▸ **What is needed**: Leaving out every picture, copy the lines of the material below exactly, from the line containing "为进一步贯彻《成都市幼儿园课" through the line containing "Cadre sympa et".

▸ **Data to examine**:
---
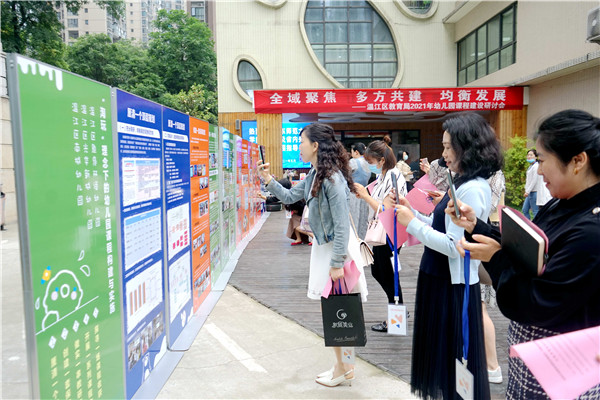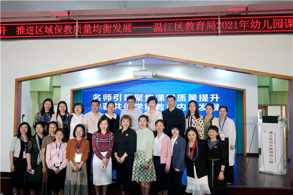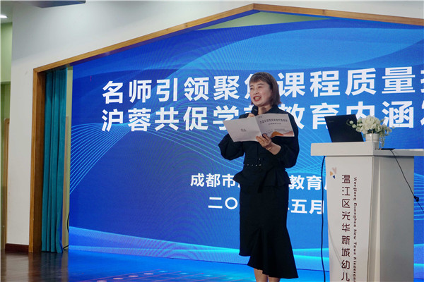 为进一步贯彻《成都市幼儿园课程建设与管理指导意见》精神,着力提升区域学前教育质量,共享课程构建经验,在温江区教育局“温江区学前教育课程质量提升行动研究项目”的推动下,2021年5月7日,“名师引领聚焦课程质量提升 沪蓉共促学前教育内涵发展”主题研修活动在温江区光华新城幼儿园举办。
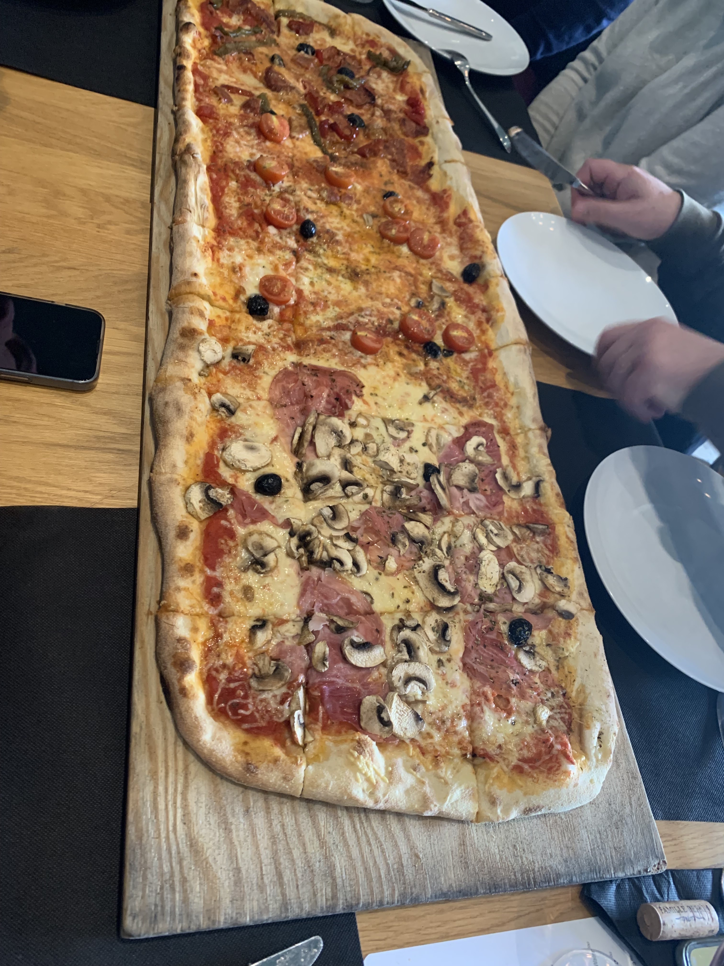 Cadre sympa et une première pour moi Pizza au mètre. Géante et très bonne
---
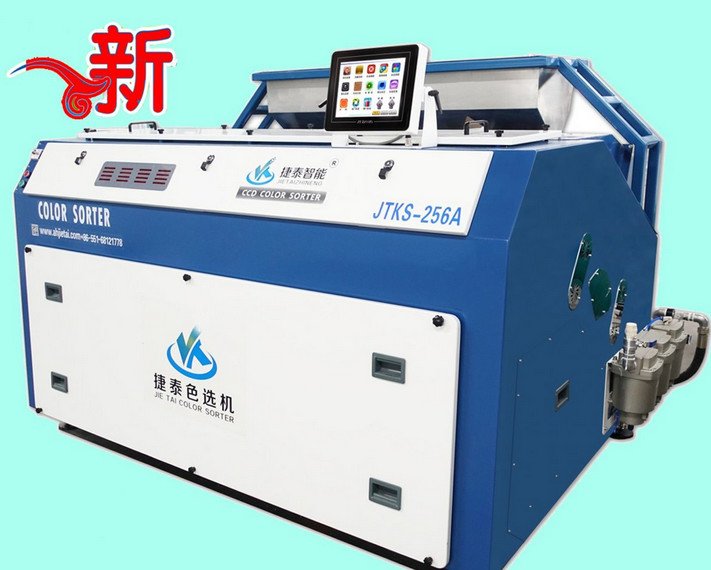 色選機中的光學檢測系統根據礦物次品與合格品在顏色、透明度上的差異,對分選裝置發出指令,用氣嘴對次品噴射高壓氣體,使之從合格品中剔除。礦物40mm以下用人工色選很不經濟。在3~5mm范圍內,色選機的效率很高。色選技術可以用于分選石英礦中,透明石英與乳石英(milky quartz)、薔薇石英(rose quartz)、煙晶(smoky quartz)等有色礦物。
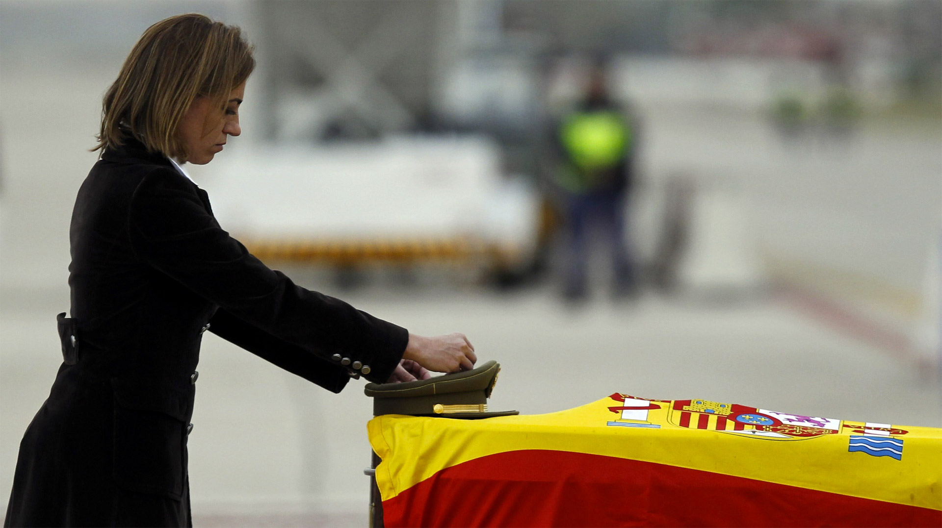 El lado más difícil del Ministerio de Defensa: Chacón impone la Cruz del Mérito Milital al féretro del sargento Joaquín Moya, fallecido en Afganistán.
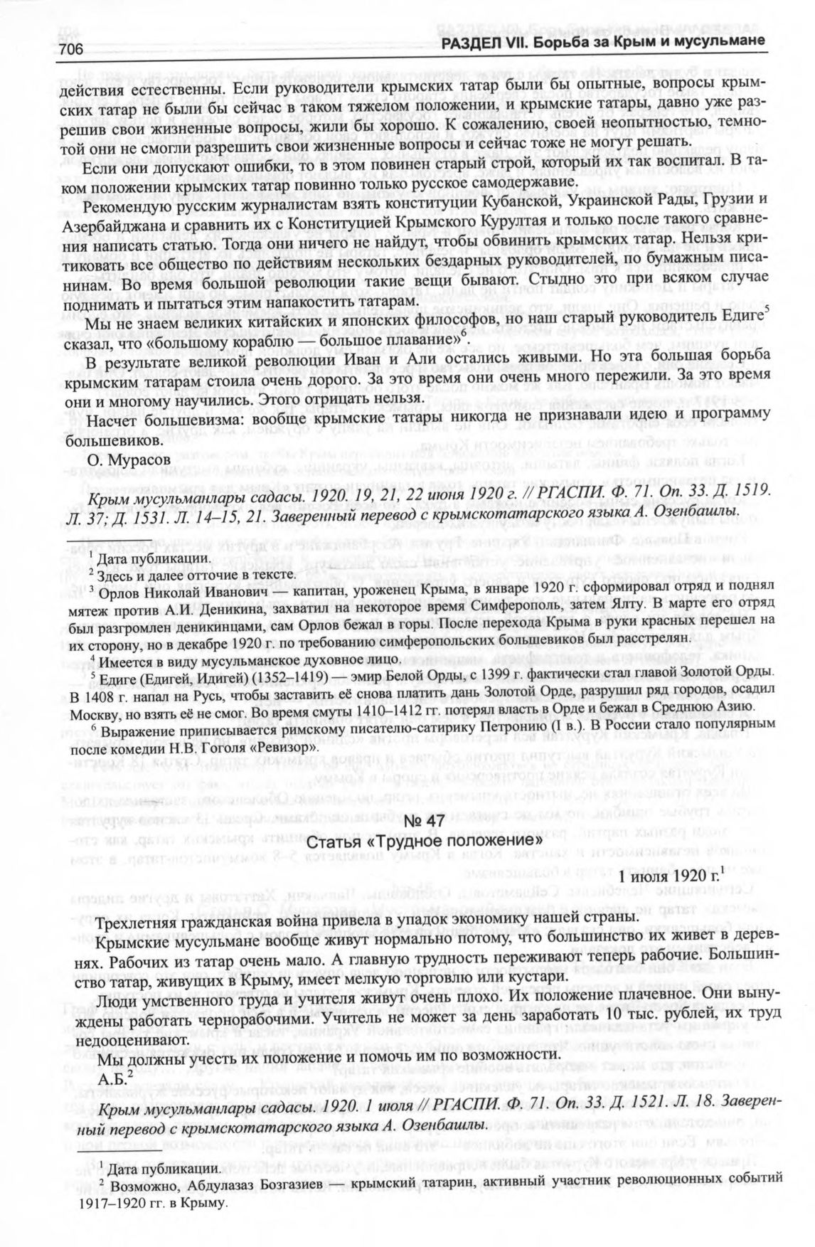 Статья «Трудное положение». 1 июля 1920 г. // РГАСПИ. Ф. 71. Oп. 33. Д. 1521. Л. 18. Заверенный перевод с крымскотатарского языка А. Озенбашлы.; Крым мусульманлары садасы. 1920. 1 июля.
---
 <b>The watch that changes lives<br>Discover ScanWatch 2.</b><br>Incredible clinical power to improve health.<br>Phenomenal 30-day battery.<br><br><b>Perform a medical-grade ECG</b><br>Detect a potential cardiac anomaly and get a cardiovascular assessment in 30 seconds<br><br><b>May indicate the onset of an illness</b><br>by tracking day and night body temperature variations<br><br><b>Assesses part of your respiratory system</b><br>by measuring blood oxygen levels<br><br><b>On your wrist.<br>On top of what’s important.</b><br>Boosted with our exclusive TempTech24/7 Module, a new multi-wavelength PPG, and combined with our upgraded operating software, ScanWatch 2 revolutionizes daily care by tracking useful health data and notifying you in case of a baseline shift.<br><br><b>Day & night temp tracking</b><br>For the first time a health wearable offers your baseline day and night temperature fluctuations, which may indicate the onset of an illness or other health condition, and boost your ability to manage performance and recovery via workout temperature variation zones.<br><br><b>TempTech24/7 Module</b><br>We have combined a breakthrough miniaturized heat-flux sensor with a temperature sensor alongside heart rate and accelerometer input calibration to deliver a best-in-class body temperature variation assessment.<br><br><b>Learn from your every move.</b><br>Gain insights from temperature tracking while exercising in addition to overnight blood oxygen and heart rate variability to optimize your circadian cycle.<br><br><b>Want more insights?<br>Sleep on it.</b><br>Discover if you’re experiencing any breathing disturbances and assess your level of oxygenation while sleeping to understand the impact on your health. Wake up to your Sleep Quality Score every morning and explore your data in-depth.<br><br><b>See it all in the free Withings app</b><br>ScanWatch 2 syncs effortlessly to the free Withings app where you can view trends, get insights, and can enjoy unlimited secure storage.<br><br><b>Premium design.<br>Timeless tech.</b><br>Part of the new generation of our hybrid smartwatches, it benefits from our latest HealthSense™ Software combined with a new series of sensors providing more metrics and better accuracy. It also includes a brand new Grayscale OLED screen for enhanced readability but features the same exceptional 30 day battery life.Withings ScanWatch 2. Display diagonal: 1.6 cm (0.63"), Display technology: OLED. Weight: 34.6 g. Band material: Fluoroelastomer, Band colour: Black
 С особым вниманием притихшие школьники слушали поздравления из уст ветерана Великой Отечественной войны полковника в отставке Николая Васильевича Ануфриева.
---
▸ **Answer to this task**:
 为进一步贯彻《成都市幼儿园课程建设与管理指导意见》精神,着力提升区域学前教育质量,共享课程构建经验,在温江区教育局“温江区学前教育课程质量提升行动研究项目”的推动下,2021年5月7日,“名师引领聚焦课程质量提升 沪蓉共促学前教育内涵发展”主题研修活动在温江区光华新城幼儿园举办。
 Cadre sympa et une première pour moi Pizza au mètre. Géante et très bonne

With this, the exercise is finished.